I know who’s out there because I know who stuck that card in with my mail. He probably waited for the mail guy to show up, ran like crazy, stuck it in the box with the rest of the mail, and then ran back to his car. He likely waited five minutes, drove around back, and is here to ambush me. I know all this because I can see it in my mind and because I know the level of inventive evil my brother and Hal are capable of.

I yank open the door, and my lips curl back in a snarl. Yup. The harbinger of seafoam envelopes with no postage, terrible tidings, and all things asshole is standing there in person.

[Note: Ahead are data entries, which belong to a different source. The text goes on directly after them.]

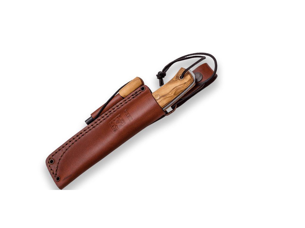 JOKER CO123-P Ember vonkajší nôž 10,5 cm, olivové drevo, kožené puzdro, kresadlo
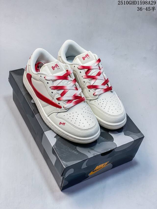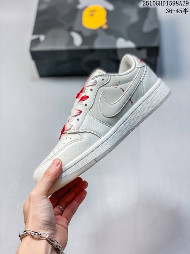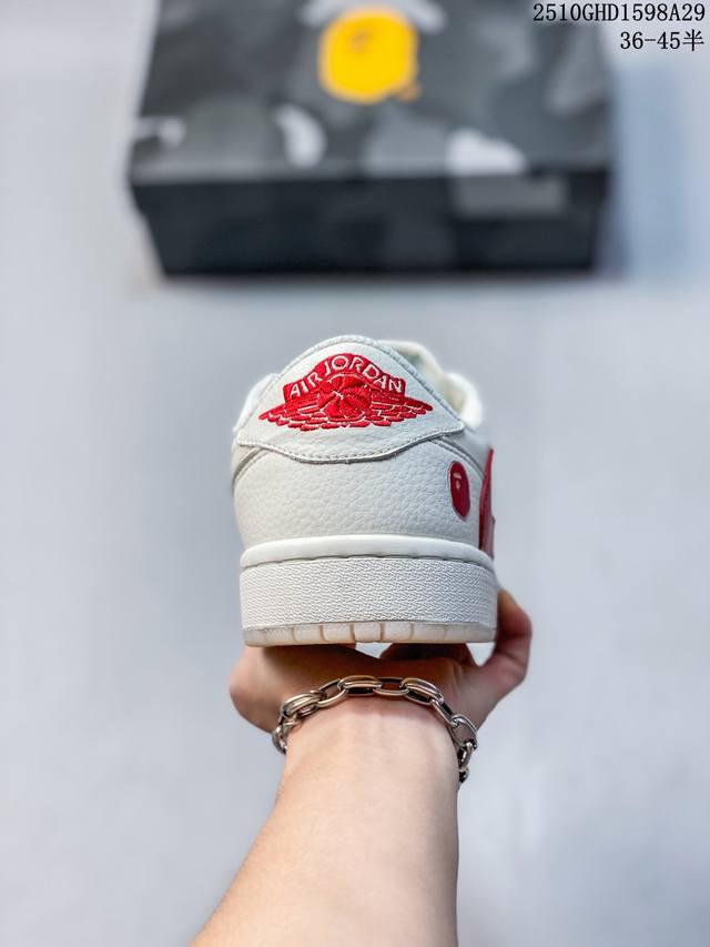 Travis Scott X Fragment Design X Jordan Air Jordan 1 Low Og Sp Bape Collaboration "White and Red" This multi-party collaboration blends Travis Scott's unique musical style, Hiroshi Fujiwara's distinctive design aesthetic, and classic Jordan brand elements, resulting in a shoe with a unique identity and value. The fresh and three-dimensional appearance, coupled with the collaborative logo, further emphasizes its unique identity. This color scheme displays vitality and fashion, visually eye-catching. The texture and meticulous details of the shoe body give it a high-end and stylish feel. This "Reverse Swoosh" collaboration is a perfect combination of design and creativity, blending the individual styles of multiple parties, making it a highly anticipated trendy low-top casual sneaker. Custom shoe box, high-quality original from a large factory, extremely clean leather with clean cuts and no rough edges, perfect details. Product Code: Dm7866-101 Sizes: 36 36.5 37.5 38 38.5 39 40 40.5 41 42 42.5 43 44 44.5 45
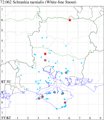 Local in damp woodland, fens, damp meadows and boggy heathland throughout England and Wales, and also in the Scottish Highlands. Widespread and locally common in Hampshire and on the Isle of Wight. Wingspan 19-22 mm. Small size suggests a species of micromoth, but most resembles White-line Snout S. taenialis. Larva feeds on Heather, Wild Marjoram and Wild Thyme.

“You butt clown! I know it was you who put the card in my mailbox!”

Hal grins. He’s so good-looking that it’s unfair. It’s like getting served an extra tasty piece of delicious chocolate cake with cherry gooeyness in the middle and rare golden icing spread on top with a generous amount of chocolate chips when you’re on a diet and have vowed to yourself that you will not touch chocolate for the better part of this century. Obviously, that doesn’t apply to me. Tasting is my job, and chocolate is the name of my game. I’m also tall, and I went through an awkward skinny stage and kind of never grew out of it, so my hips can afford it for now.

Hal isn’t as tall as my brother, but he’s up there, above six feet. He’s got big manly shoulders and a big manly chest. He also probably has manly abs, a tight manly waist, and manly buns in the back too, but I don’t bother tallying up those things because they’re on Hal, and Hal is my brother’s nasty friend who I dislike with the burning passion of a requested birthday cake for a hundredth birthday with that exact number of candles on top.

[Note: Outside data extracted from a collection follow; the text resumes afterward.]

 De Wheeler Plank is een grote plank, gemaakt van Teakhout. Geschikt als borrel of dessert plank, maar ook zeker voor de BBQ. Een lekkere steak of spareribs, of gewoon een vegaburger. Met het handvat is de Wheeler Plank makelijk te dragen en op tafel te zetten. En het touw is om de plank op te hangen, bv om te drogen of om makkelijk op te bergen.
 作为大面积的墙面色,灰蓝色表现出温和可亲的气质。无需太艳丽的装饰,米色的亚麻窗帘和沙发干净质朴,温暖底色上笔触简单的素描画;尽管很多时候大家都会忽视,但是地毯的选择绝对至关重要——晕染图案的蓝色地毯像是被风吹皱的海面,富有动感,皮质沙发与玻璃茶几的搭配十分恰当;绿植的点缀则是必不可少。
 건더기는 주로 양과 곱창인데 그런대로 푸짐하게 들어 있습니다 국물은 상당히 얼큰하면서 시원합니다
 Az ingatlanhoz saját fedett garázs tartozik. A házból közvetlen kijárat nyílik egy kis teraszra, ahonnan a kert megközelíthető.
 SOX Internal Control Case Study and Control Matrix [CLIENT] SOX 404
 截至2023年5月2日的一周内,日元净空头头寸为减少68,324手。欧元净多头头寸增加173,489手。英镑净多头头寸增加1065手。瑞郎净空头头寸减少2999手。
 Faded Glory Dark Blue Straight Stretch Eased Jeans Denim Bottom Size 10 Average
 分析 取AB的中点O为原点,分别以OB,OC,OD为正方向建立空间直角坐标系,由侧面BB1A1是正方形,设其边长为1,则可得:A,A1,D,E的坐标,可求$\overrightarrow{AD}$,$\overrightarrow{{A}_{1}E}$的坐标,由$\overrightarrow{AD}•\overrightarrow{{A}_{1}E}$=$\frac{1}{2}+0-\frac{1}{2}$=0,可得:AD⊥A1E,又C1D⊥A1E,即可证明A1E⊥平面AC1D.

I’ve made one of those before. They ordered it with the candles. I was tempted to stick some all along the sides when I ran out of room on the top, but I just kept cramming.

If he were anyone else, I’d say he puts the S in the classy black suit he has on, S standing for super sexy or scrumptious or slap me silly, wow! But yeah, unfortunately, it’s still Hal, so that’s a hard pass for me. S could also stand for how much I’d like to soundly smack that super slick smirk off his superbly silly square jaw.

“It was you,” I repeat since he hasn’t fessed up to it yet.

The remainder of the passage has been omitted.